For a vector sequence find a vector that produces low discrepancy dot products

I have a finite sequence $$\{v_i\}$$ of vectors in lexicographic order.
Elements of vectors are non-negative numbers (integers, if it is important) e.g.:
$$(1, 0, 3),\space (1, 2, 6),\space (1, 7, 0),\space (3, 0, 5),\space (4, 3, 1),\space ...$$

For some vector $$k$$ with non-negative elements it is possible to produce an ordered sequence $$\{d_i\}, d_i < d_{i+1}$$ of differences between adjacent normalized dot products of $$v_i$$ and $$k$$:

$$d_i = \Large\frac{v_{i+1}\cdot k^T}{|v_{i+1}||k|} - \frac{v_{i}\cdot k^T}{|v_{i}||k|}$$

I want to find $$k$$ that produces a low discrepancy $$\{d_i\}$$.

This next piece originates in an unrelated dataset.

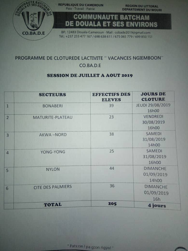 Les membres de la grande Communauté Batcham de Douala et ses environs sont informés que le Chef de la Communauté Serge FOAGUAM NOGNING présidera les cérémonies de clôture des cours d’apprentissage des langues selon le programme ci dessus.

In other words I want a solution for any of the following problems or any similar problem:

• find $$k$$ that maximizes $$d_i$$ : $$d_i \rightarrow \max$$
• find $$k$$ that maximizes expectation of $$d_i$$ : $$\mathbb{E}[d_i] \rightarrow \max$$
• for a given $$d_{min}$$, find $$k$$ that satisfies $$d_i > d_{min}$$

Also I'd like to know if there is a specific name for this problem.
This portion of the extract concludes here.